Students can take courses using special scheduling options that include weekend, online, videoconferencing, short-semester courses and Rapid Track, an accelerated program that allows students to complete an Associate in Arts degree in one year.

Additionally, 52% of tenure-track faculty hold a master's degree or higher and 31% hold a doctoral degree. The student faculty ratio at DMC is 11.48:1 as of fall 2022.

A $108 million public bond package has allowed extensive renovation and expansion of Del Mar College East and West, along with the development of the DMC Annex that houses the Center for Economic Development. Both noncredit and credit students have access to classes, laboratories and the latest technology that upgrade their current skills, prepare them for further study or train them for immediate employment in the Coastal Bend area.

Del Mar College's Nursing Program has one of the largest nursing clinical simulation labs in the nation, including over 30 patient mannequins with programmable vital signs, EKG monitoring, and voice entry. The program is accredited by the Accreditation Commission for Education in Nursing (ACEN).
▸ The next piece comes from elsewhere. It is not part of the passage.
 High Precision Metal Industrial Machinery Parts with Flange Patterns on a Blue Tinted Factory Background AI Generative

During a period from 2009 to 2011, the passing rate of students taking the National Council Licensure Examination-Registered Nurse (NCLEX-RN) for the first time fell below 80 percent, and the program was placed on "conditional approval status" by the accreditation commission. The program strengthened admission criteria and temporarily closed admitting new students to the Registered Nurse Education program until the examination pass rate for current students increased to above 80 percent. The program produced a passing rate of 96% for 2012 and 90% for 2013.

==Students==
Del Mar College serves students from Corpus Christi and the surrounding Coastal Ben Region through for-credit and continuing education as well as other programs. According to the college, in 2025 the institution enrolled more than 20,000 students a year in both credit and non-credit courses.
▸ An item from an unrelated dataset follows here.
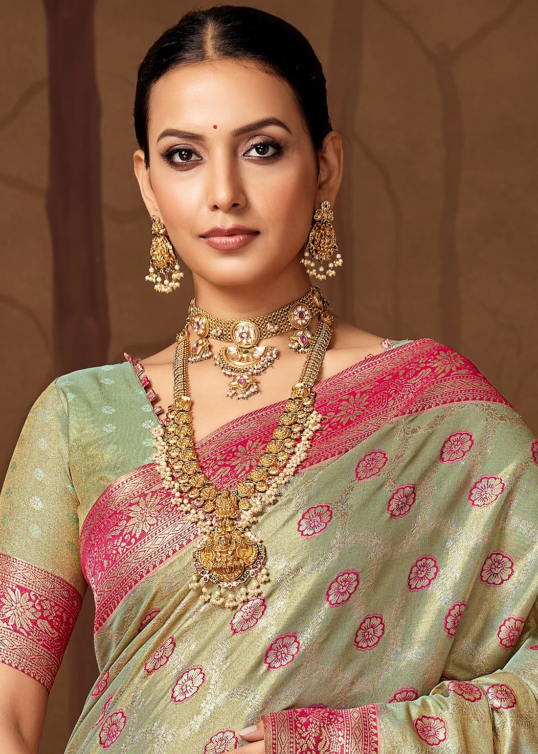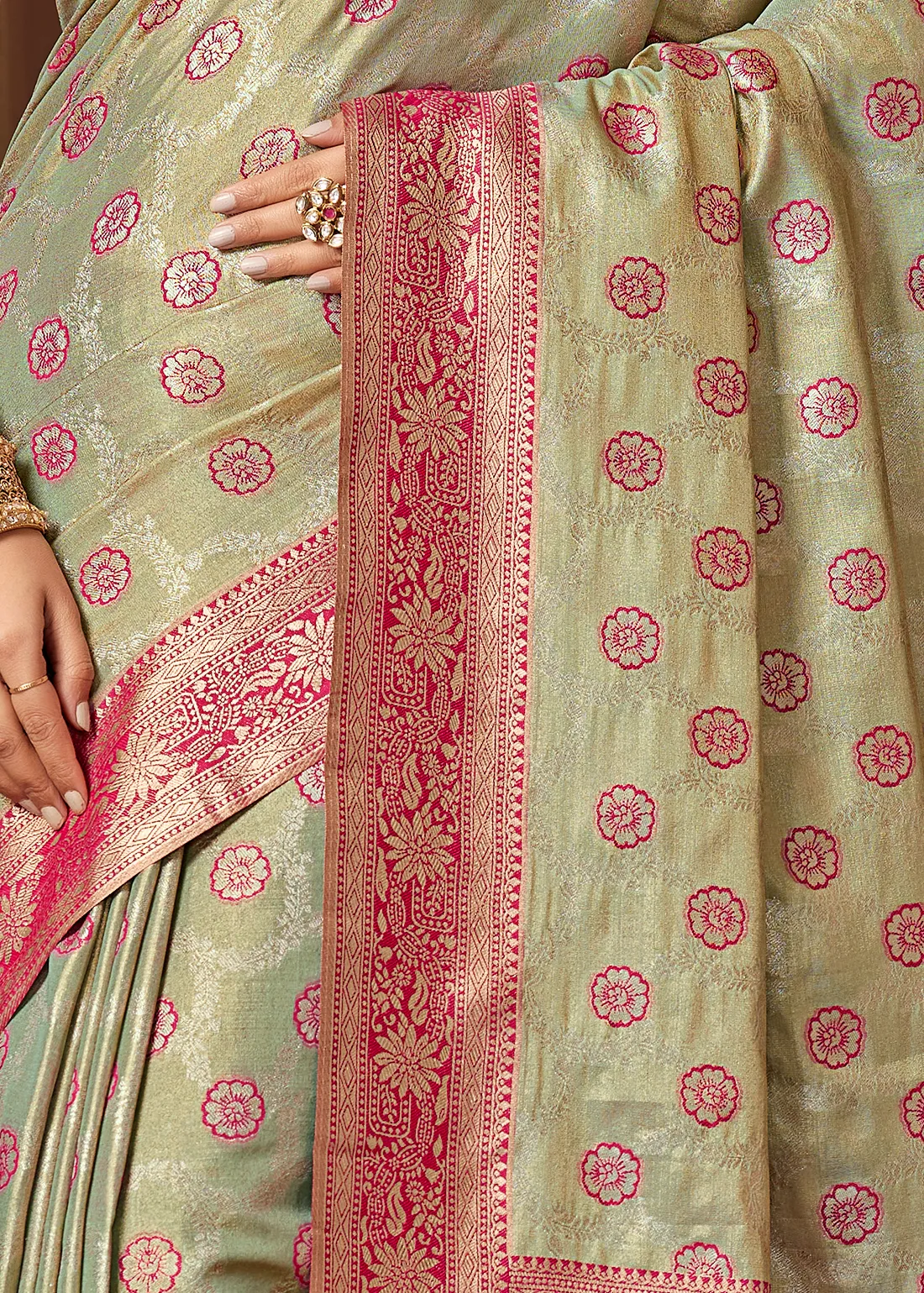Light Olive Green Banarasi Dola Silk Saree with Brocade Blouse

The student body is mainly made up of Hispanic and first-generation college students. In 2024, it was made up of 71% Hispanic, 20.4% White, and 2% African American students. The student body reflects the demographics of South Texas, as Hispanics are the majority in the South Texas Region.

==Athletics==
In the 1950s, Del Mar College fielded a nationally-ranked football program. The 1951 Del Mar Vikings football team earned a 9–1 record, won the South Texas Conference championship, and was ranked in the Litkenhous Ratings as the 86th best college football team in the country. However due to financial costs, the football team had to be dropped. Now, the college has a sports program called the Intramural Sports Program. The program consists of activities for its staff and students such as the color run, fitness challenges, and team sports.

==Notable alumni==
- Henry Cuesta, an American-born musician and clarinetist with The Lawrence Welk Show.
- Solomon P. Ortiz, former U.S. Representative for .
- Pepe Serna, American actor known for roles in Scarface and Car Wash.